- **PROVIDED MATERIAL**
################

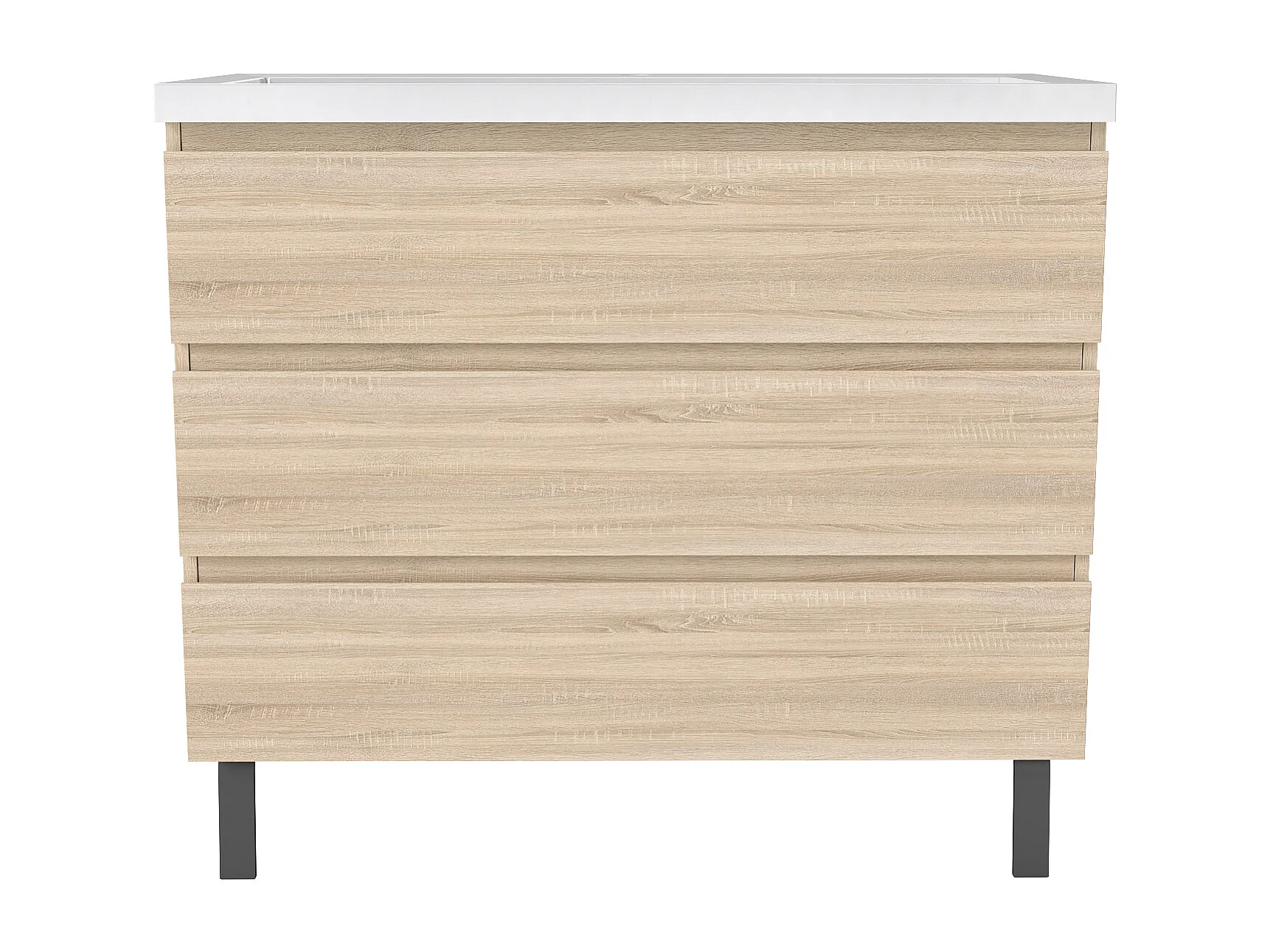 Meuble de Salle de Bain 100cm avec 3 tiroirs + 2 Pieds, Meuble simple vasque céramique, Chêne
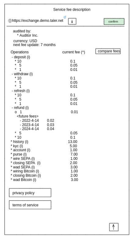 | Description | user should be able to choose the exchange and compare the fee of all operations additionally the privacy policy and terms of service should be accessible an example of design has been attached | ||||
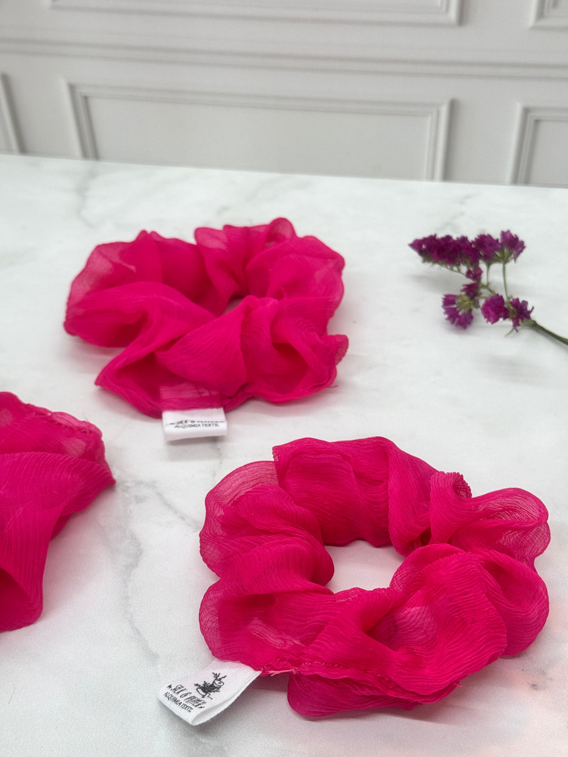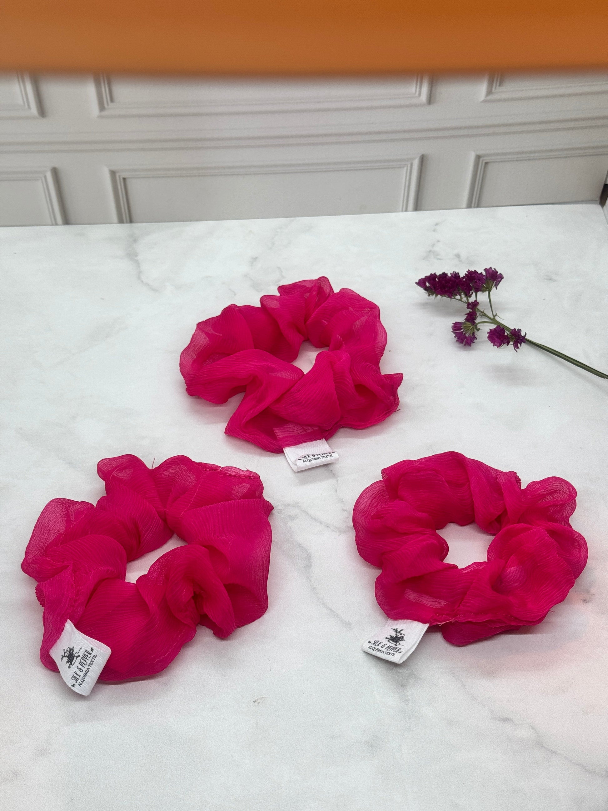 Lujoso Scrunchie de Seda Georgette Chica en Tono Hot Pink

################

- **EXERCISE GOAL**
The entire listing above, minus its pictures, should be copied out exactly.

- **SOLUTION FOR THIS EXERCISE**
 Meuble de Salle de Bain 100cm avec 3 tiroirs + 2 Pieds, Meuble simple vasque céramique, Chêne
 | Description | user should be able to choose the exchange and compare the fee of all operations additionally the privacy policy and terms of service should be accessible an example of design has been attached | ||||
 Lujoso Scrunchie de Seda Georgette Chica en Tono Hot Pink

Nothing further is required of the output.